Astigmatisme mencegah berkas cahaya jatuh sebagai suatu fokus titik di retina karena
perbedaan derajat refraksi di berbagai meridian kornea atau lensa kristalina.

Gambar : Perbedaan mata normal dan astigmatisme

Epidemiologi
Prevalensi global kelainan refraksi diperkirakan sekitar 800 juta sampai 2,3 milyar. Di
Indonesia prevalensi kelainan refraksi menempati urutan pertama pada penyakit mata. Kasus
kelainan refraksi dari tahun ke tahun terus mengalami peningkatan. Ditemukan jumlah
penderita kelainan refraksi di Indonesia hampir 25% populasi penduduk atau sekitar 55 juta
jiwa.
Menurut Maths Abrahamsson dan Johan Sjostrand tahun 2003, angka kejadian
astigmat bervariasi antara 30%-70%.

Etiologi

Etiologi kelainan astigmatisme adalah sebagai berikut:


1. Adanya kelainan kornea dimana permukaan luar kornea tidak teratur. Media refrakta
yang memiliki kesalahan pembiasan yang paling besar adalah kornea, yaitu mencapai
80% s/d 90% dari astigmatismus, sedangkan media lainnya adalah lensa kristalin.
Kesalahan pembiasan pada kornea ini terjadi karena perubahan lengkung kornea
dengan tanpa pemendekan atau pemanjangan diameter anterior posterior bolamata.
Perubahan lengkung permukaan kornea ini terjadi karena kelainan kongenital,
kecelakaan, luka atau parut di kornea, peradangan kornea serta akibat pembedahan
kornea.
2. Adanya kelainan pada lensa dimana terjadi kekeruhan pada lensa. Semakin bertambah
umur seseorang, maka kekuatan akomodasi lensa kristalin juga semakin berkurang
dan lama kelamaan lensa kristalin akan mengalami kekeruhan yang dapat
menyebabkan astigmatismus.

Klasifikasi

Berdasarkan posisi garis fokus dalam retina Astigmatisme dibagi sebagai berikut:

1) Astigmatisme Reguler
Dimana didapatkan dua titik bias pada sumbu mata karena adanya dua bidang yang
saling tegak lurus pada bidang yang lain sehingga pada salah satu bidang memiliki daya
bias yang lebih kuat dari pada bidang yang lain. Astigmatisme jenis ini, jika mendapat
koreksi lensa cylindris yang tepat, akan bisa menghasilkan tajam penglihatan normal.
Tentunya jika tidak disertai dengan adanya kelainan penglihatan yang lain.
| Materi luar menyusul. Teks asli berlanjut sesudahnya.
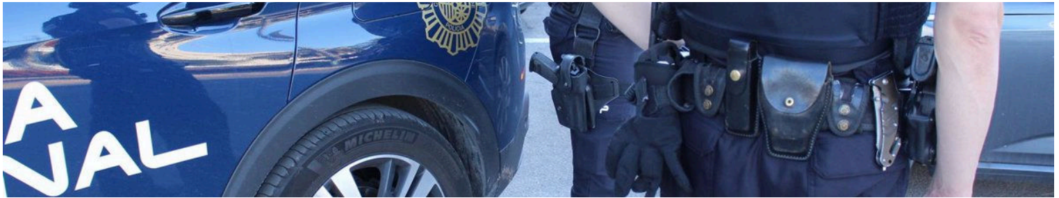
Imagen de archivo de agentes de la Policía Nacional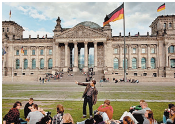
В Берлине все меньше российских туристов.

Получается, санкции против России больно ударили и по немецкой экономике, прежде всего по туристической отрасли. Не буду сгущать краски, туристическая Германия выживет и без наших денег. Но докризисные времена в немецких туристических офисах вспоминают с ностальгией. И надеются, что они еще вернутся. □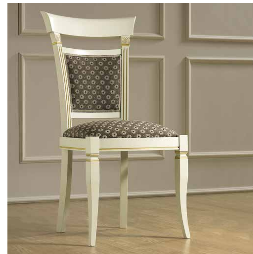
COD. 134SED.01FRMS75 - SATURN 9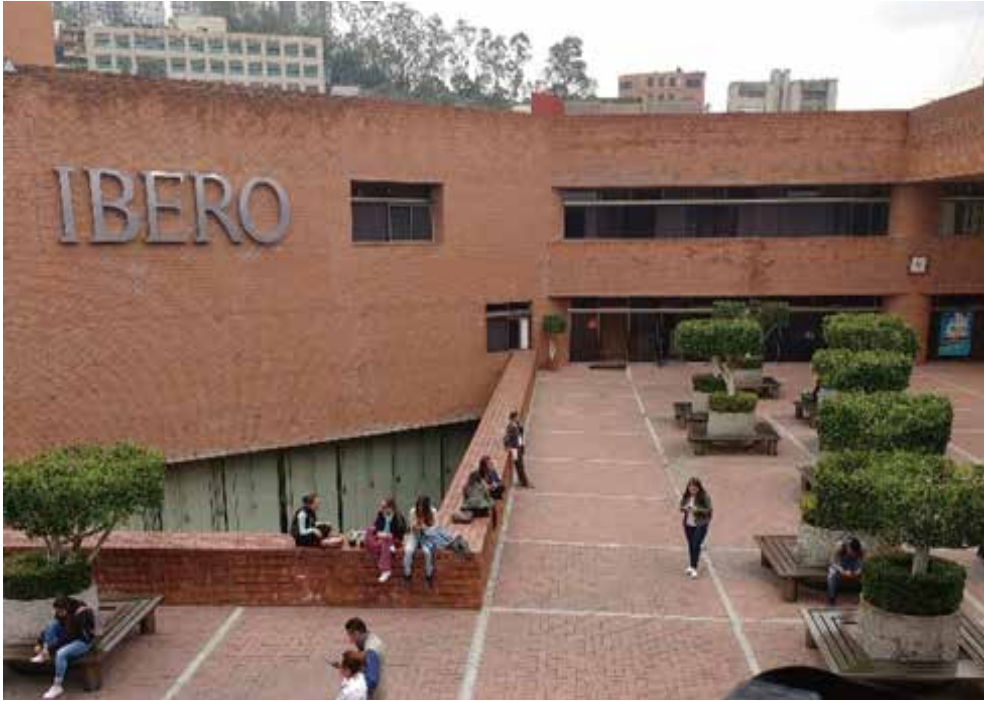
사진1: 줄여서 ‘이베로’라고 부르는 멕시코시티의 사립 대학교 이베로아메리카나 (Universidad Iberoamericana)

Bila ditinjau dari letak daya bias terkuatnya, bentuk astigmatisme regular ini dibagi
menjadi 2 golongan, yaitu:
a. Astigmatisme With the Rule
Bila pada bidang vertical mempunyai daya bias yang lebih kuat dari pada bidang
horizontal.sering ditemukan pada anak-anak dan orang muda.
b. Astigmatisme Against the Rule
Bila pada bidang horizontal mempunyai daya bias yang lebih kuat dari pada bidang
vertikal. Serinng ditemukan pada orang tua.

2) Astigmatisme Irreguler
Dimana titik bias didapatkan tidak teratur.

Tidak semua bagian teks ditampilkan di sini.